Now let’s take this image and convolve it with different kernels of different window lengths.

def kernel(i, j):
  return np.ones((i, j)) / np.prod([i, j])

plt.figure(figsize=[12.4, 12.4])
imgC = sp.convolve2d(img, kernel(4, 4))
plt.subplot(2, 2, 1)
plt.xticks([])
plt.yticks([])
plt.imshow(imgC, cmap='gray', vmin=0, vmax=255)
plt.title("4x4")

imgC = sp.convolve2d(img, kernel(8, 8))
plt.subplot(2, 2, 2)
plt.xticks([])
plt.yticks([])
plt.imshow(imgC, cmap='gray', vmin=0, vmax=255)
plt.title("8x8")

imgC = sp.convolve2d(img, kernel(16, 16))
plt.subplot(2, 2, 3)
plt.xticks([])
plt.yticks([])
plt.imshow(imgC, cmap='gray', vmin=0, vmax=255)
plt.title("16x16")

boxsize = (5, 5)
imgC = sp.convolve2d(img, kernel(32,32))
plt.subplot(2, 2, 4)
plt.xticks([])
plt.yticks([])
plt.imshow(imgC, cmap='gray', vmin=0, vmax=255)
plt.title("32x32")
Text(0.5, 1.0, '32x32')

8.3.1.3 Convolutional neural networks

Of course, your kernel doesn’t have to be a box, or a truncated, discretized bivariate Gaussian density or even be non-negative. It’s helpful for smoothers to have non-negative kernels, since they’re just taking a generalized variation of a moving average that way. But, we want to use convolutions

more generally. Here, let’s take a kernel that is part of the image (left eye) and convolve it. I’ll make the kernel super peaked at eye features by extracting the eye and raising it to the 4th power.

So a relu activation function plus a bias term would then be able to highlight different thresheld variations of this convolution image. For example, here I add a bias term to the convolution then apply a leaky relu. You can see it just highlights the one area where the eye is. A leaky relu is

\[ lrelu(x, c) = \left\{ \begin{array}{ll} x & \text{if $x > 0$} \\ x * c & \text{otherwise} \end{array} \right. \]

where \(c\) is usually set to a small value. If \(c=0\) the leaky relu is just the relu. I set \(c\) to be 0.05 so that we can see the background image.

plt.figure(figsize=[12.4, 6.2])

K = img[200 : 270,225 : 322]
plt.subplot(1, 3, 1)
plt.xticks([])
plt.yticks([])
plt.imshow(K,  cmap='gray', vmin=0, vmax=255)
## I normalized it this way so that the convolution
## numbers wouldn't be so big
## Also, I put it to the 4th power, so it exactly finds 
## the eye.
K = K ** 4
K = K / K.sum()
K = K - K.mean()

imgC = sp.convolve2d(img, K)
plt.subplot(1, 3, 2)
plt.xticks([])
plt.yticks([])
plt.imshow(imgC)
plt.title("Convolution")

temp = imgC.copy()
## Add a bias term of -15
temp -= 15
## Perform a leaky relu
temp[np.where(temp < 0)] = temp[np.where(temp < 0)] * .05

plt.subplot(1, 3, 3)
plt.imshow(temp)
plt.xticks([])
plt.yticks([])
plt.title("LRELU of convolution + bias")
Text(0.5, 1.0, 'LRELU of convolution + bias')

Because of how convolutions work, this will find this eye anywhere in the image.
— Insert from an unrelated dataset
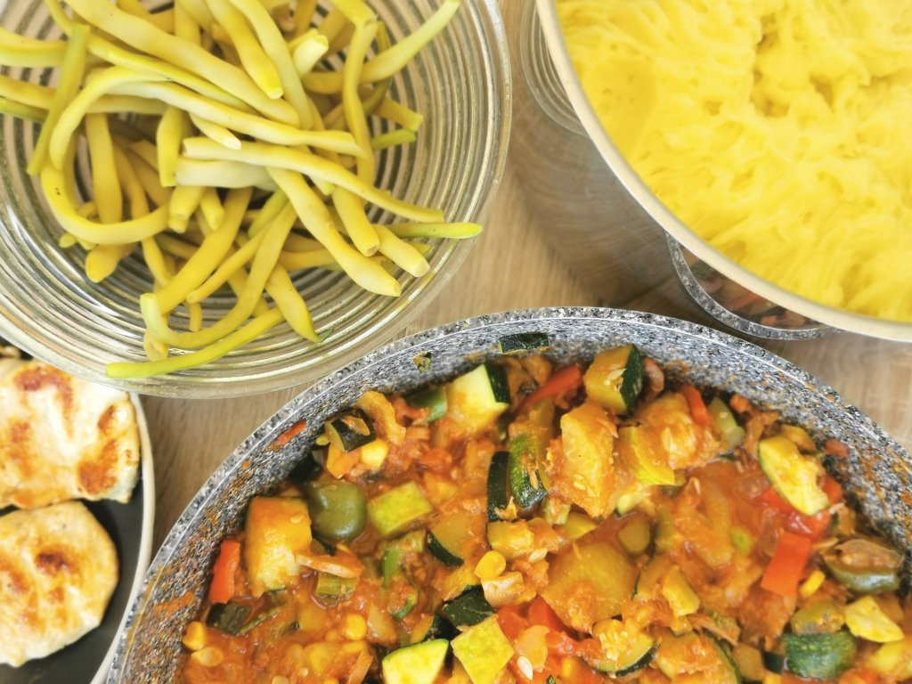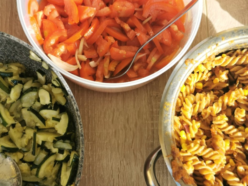 LCHF: bučke z piščančjim mesom, solata iz paradižnika, paprike in kumare

Here we just add another eye somewhere else and repeat the convolution.

plt.figure(figsize=[12.4, 6.2])

#put another eye in the image
imgCopy = img.copy()
imgCopy[60 : 130, 85 : 182] = img[200 : 270,225 : 322]
plt.subplot(1, 2, 1)
plt.imshow(imgCopy,  cmap='gray', vmin=0, vmax=255)
plt.xticks([])
plt.yticks([])

imgC = sp.convolve2d(imgCopy, K)

plt.subplot(1, 2, 2)
temp = imgC.copy()
## Add a bias term of -15
temp -= 15
## Perform a leaky relu
temp[np.where(temp < 0)] = temp[np.where(temp < 0)] * .05

plt.subplot(1, 2, 2)
plt.imshow(temp)
plt.xticks([])
plt.yticks([])
plt.title("LRELU of convolution + bias")
Text(0.5, 1.0, 'LRELU of convolution + bias')
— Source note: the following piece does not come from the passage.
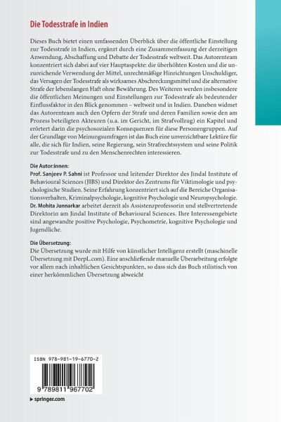 Dieses Buch bietet einen umfassenden Überblick über die öffentliche Einstellung zur Todesstrafe in Indien, ergänzt durch eine Zusammenfassung der derzeitigen Anwendung, Abschaffung und Debatte der Todesstrafe weltweit. Das Autorenteam konzentriert sich dabei auf vier Hauptaspekte: die überhöhten Kosten und die unzureichende Verwendung der Mittel, unrechtmäßige Hinrichtungen Unschuldiger, das Versagen der Todesstrafe als wirksames Abschreckungsmittel und die alternative Strafe der lebenslangen Haft ohne Bewährung. Des Weiteren werden insbesondere die öffentlichen Meinungen und Einstellungen zur Todesstrafe als bedeutender Einflussfaktor in den Blick genommen - weltweit und in Indien. Daneben widmet das Autorenteam auch den Opfern der Strafe und deren Familien sowie den am Prozess beteiligten Akteuren (u.a. im Gericht, im Strafvollzug) ein Kapitel und erörtert darin die psychosozialen Konsequenzen für diese Personengruppen. Auf der Grundlage von Meinungsumfragen ist das Buch eine unverzichtbare Lektüre für alle, die sich für Indien, seine Regierung, sein Strafrechtssystem und seine Politik zur Todesstrafe und zu den Menschenrechten interessieren.

So, we found a custom kernel that highlights this specific feature in images. Convnets layers learn the kernel. That is, CNNs learn the image that gets convolved with the previous layer to produce the next one. Here’s a really great pictorial guide by Sumit Saha.

Now, let’s discuss some specific vocabulary used in CNNs.
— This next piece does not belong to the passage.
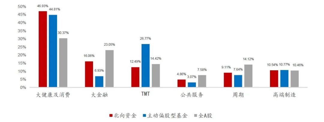 北向资金最爱大消费,接近一半的资金都配置在大消费中;

  • Padding zero padding just like we discussed for 1D transformations
  • Pooling pooling, often max pooling, is a dimension reduction technique, taking the max in little blocks.
  • stride length instead of sliding the kernel by moving it one pixel at a time, move it more to increase computational efficiency and reduce the size of the output convolution.